Recent AI fears are exposing a critical governance dilemma
Recent AI fears are exposing a criticial governance paradox: what the industry wants and how it acts strike at the heart of what can sometimes be a vicious circle of strategy.
We’ve heard fears around AI before, but in September 2026, the latest comments from industry insiders seemed to strike a chord worldwide. What they said ranged in severity, but the words we’ll all come away with are undoubtedly those of Jacob Coxon – former researcher at both OpenAI and Anthropic – who said he earnestly believes AI could “kill us all by the end of the decade”.
This article isn’t here to prove whether he’s right or wrong; it’s here to explore the governance paradox underscoring it – a dilemma we’ve seen before in many different contexts, but it takes on a new level of importance with an innovation like AI.
What’s the dilemma?
To understand it, we need to understand what comments like AI “killing us all” mean in practice.
Some critics argue that these words – and similar concerns from other insiders – are just part of a larger effort around the long-term value of the AI industry, with various degrees of intent involved. Time will give a proper indication of how true that is.
But for the moment, let’s assume that it’s all coming from real concerns around AI’s capabilities, our understanding of them, and our ability to “pull the plug” if something goes wrong.
These fears have prompted the leaders of prominent AI firms – Sam Altman of OpenAI and Elon Musk of xAI – to join with Anthropic head Dario Amodei in calling for a slowdown in AI development in the name of security and control.
Right here is where the dilemma starts, especially when we put these three companies under the microscope and compare their words with their actions.
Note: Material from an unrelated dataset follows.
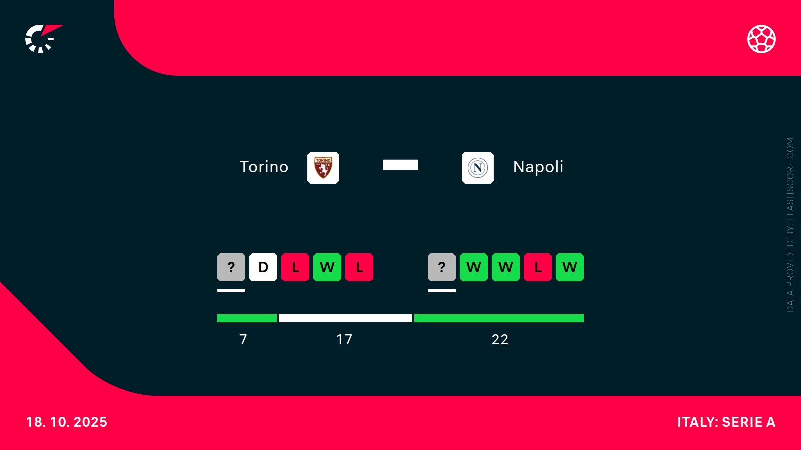 Torino wchodzi w ten mecz z pewnymi problemami. Do tej pory drużyna z Turynu zagrała tylko dwukrotnie na swoim stadionie i ani razu nie udało im się odnieść zwycięstwa. Co więcej, nie udało im się zdobyć jeszcze bramki. Torino posiada pewne problemy z przełamaniem defensywy rywali i dużym problemem będzie przełamanie się w tym spotkaniu.

The cycle that’s hard to escape
Have you noticed that this appetite for moderation from AI bosses is mainly generalised calls related to the entire industry, not their own desires for self-moderation? They’re eager to slow down as a group, but not individually.
Why? There are two underlying governance responsibilities pulling against each other.
On one side is the argument that sees AI as a legitimate threat if not managed properly. This side is rooted in the belief that things are currently moving too fast for vital control to be maintained. In this era, more than ever, we can understand how critical this concern is, because it raises entirely legitimate governance concerns around ethics and stakeholder impact. Continuing on the current path may literally put people in danger.
Then, on the other side, we see the competition arguments. The biggest AI firms remain in a race against each other to develop the most advanced products (not to mention the broader race that lawmakers, including Donald Trump, say exists with China). From this angle, there’s also a perfectly legitimate governance argument to keep moving, to seize on marketplace opportunities, and to make decisions with such success in mind.
For both arguments, failing to act creates risk. Corporate leaders don’t want to create risk, but they can’t follow the logic of both arguments at the same time.
This is the critical governance dilemma: a vicious cycle of priorities that’s incredibly difficult to escape. It’s what gives rise to the frankly bizarre scenario where industry leaders will go to the press and shout “please stop us, because we won’t stop ourselves”.
A new spin on an old problem
The dilemma isn’t new. Since ethics and stakeholder capitalism first entered boardroom and C-suite agendas decades ago, we’ve seen the cycle rear its head: firms with expert insights recognise potential dangers, but choose not to act until they’re told to, because anything earlier would prompt an entirely different kind of fallout.
We’ve seen it with geopolitics, especially as it’s become more fraught in the 2020s. Often forced to pick sides in global conflicts like Ukraine, Iran or Gaza, companies will deliberately avoid it because it’s good for the bottom line. That is until regulations, sanctions or dramatic public outcry force them to.
Climate change is another example: Firms have, for years, based their strategies around what they’re told to do by outside pressure rather than internal principles. It’s why we’re seeing such divergence between US companies (under a regime far more hostile to emissions reductions and ESG principles) and European companies (increasingly bound by sustainability reporting requirements).
A lot of the arguments for slowing down AI overlap with principles of corporate social responsibility – a principles-based approach designed to reflect the true impact of business activities on all stakeholders. Whether companies actually follow these principles, even if they say they will, is the core issue.
Professor, author, lawyer, and political commentator Robert Reich summed it up in a 2021 Guardian opinion piece, in which he called the concept “BS” and said that “Corporations will do whatever they can to maximise their profits and share values, social responsibility be damned”.
In the longer term
Slowing down on development creates risk, but insider experts are actively claiming that speeding up without safeguards creates greater risk. For now, in the absence of more context, that’s a very serious problem to be addressed.
In reality, though, the governance dilemma will factor a lot into decision-making, and organisations with the potential for huge global impact will continue to wait till they’re told what to do.